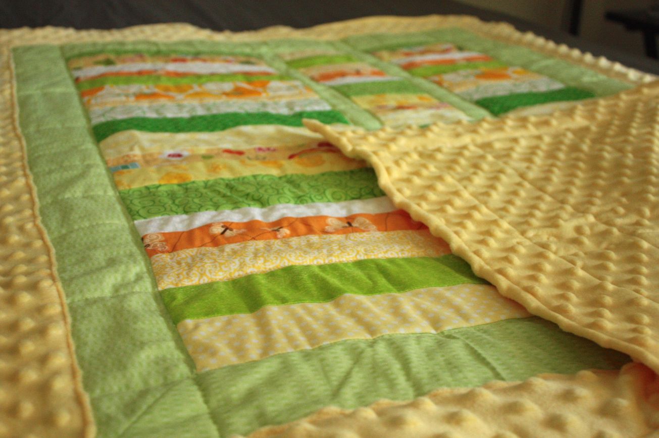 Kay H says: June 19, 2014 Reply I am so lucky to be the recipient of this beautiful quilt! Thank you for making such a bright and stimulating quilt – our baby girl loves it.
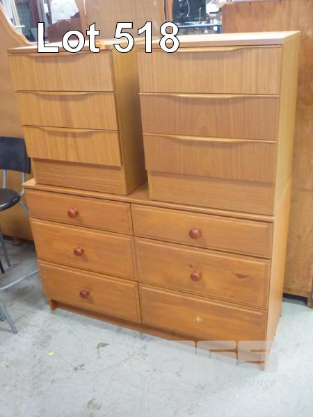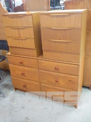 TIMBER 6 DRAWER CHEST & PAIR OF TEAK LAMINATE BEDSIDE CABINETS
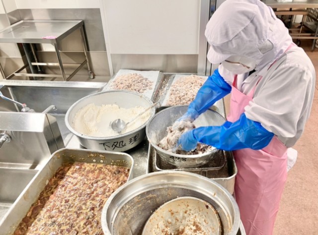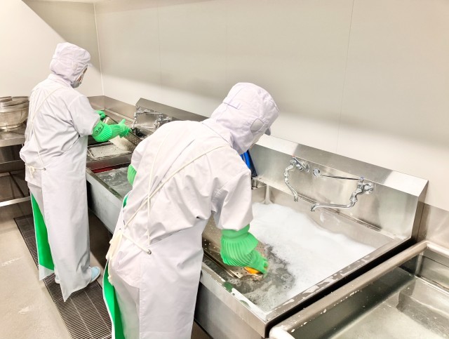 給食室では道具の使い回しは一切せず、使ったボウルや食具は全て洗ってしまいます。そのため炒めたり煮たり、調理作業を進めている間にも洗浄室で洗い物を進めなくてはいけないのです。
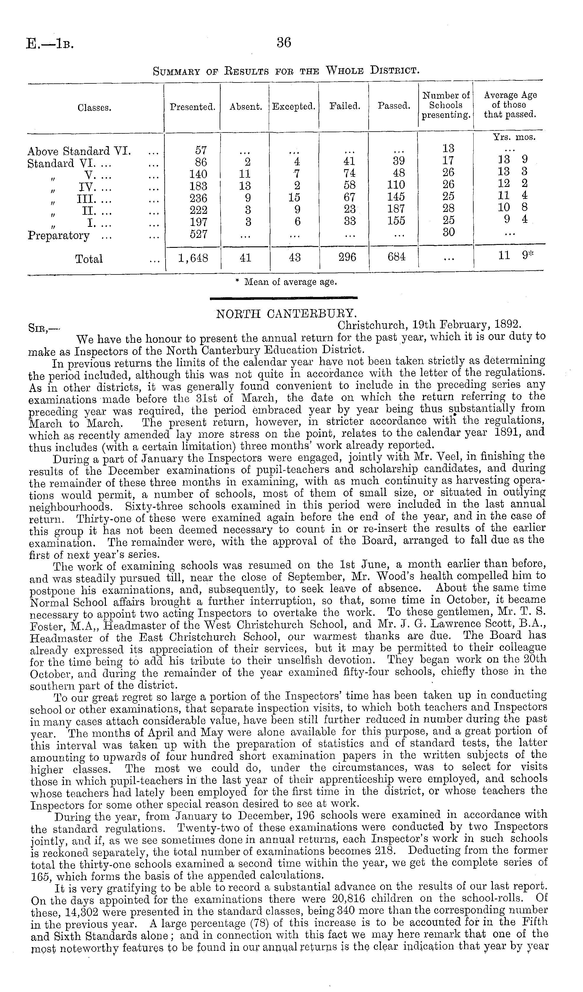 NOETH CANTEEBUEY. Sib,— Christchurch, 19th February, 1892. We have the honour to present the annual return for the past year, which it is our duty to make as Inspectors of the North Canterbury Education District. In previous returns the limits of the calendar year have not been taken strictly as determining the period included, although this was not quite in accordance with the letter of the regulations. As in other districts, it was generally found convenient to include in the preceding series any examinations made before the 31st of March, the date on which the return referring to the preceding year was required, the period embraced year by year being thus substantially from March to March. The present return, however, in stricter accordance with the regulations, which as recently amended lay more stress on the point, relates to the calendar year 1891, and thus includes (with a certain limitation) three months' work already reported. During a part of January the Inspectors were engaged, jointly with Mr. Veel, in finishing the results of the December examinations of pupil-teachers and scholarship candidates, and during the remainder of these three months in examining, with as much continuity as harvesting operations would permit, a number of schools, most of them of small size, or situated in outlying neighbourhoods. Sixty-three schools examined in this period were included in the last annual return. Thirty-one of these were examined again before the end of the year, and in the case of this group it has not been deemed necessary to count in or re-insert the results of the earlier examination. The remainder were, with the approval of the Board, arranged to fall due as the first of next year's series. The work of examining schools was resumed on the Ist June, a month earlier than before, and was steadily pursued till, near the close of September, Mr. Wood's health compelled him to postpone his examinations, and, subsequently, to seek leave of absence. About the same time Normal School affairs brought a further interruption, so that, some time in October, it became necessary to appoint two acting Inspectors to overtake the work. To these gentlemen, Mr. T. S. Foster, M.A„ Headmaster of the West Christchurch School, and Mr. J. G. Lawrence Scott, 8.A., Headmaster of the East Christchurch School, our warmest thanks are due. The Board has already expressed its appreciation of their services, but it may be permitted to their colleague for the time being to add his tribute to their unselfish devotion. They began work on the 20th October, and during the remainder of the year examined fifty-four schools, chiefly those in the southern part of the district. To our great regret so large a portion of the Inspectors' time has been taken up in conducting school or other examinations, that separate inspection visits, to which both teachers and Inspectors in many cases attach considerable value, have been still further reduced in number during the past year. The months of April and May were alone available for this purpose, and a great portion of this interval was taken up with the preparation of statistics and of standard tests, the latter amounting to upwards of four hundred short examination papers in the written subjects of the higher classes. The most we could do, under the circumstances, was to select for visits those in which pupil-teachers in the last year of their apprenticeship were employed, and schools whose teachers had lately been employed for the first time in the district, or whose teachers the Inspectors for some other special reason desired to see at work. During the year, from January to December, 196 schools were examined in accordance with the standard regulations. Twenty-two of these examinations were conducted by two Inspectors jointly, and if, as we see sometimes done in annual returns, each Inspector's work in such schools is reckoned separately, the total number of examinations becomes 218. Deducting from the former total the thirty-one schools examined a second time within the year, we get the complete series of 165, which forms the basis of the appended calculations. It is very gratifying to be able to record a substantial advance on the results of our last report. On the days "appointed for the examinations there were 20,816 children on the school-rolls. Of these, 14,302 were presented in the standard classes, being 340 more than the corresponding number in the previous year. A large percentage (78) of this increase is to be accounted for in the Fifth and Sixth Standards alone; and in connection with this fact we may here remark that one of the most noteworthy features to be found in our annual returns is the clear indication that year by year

※ ※ ※

Exercise
An exact copy of the lines above from the one with "TIMBER 6 DRAWER" up to and including the one with "給食室では道具の使い回しは一" is required; reproduce only those lines, omitting all pictures.

Task answer
 TIMBER 6 DRAWER CHEST & PAIR OF TEAK LAMINATE BEDSIDE CABINETS
 給食室では道具の使い回しは一切せず、使ったボウルや食具は全て洗ってしまいます。そのため炒めたり煮たり、調理作業を進めている間にも洗浄室で洗い物を進めなくてはいけないのです。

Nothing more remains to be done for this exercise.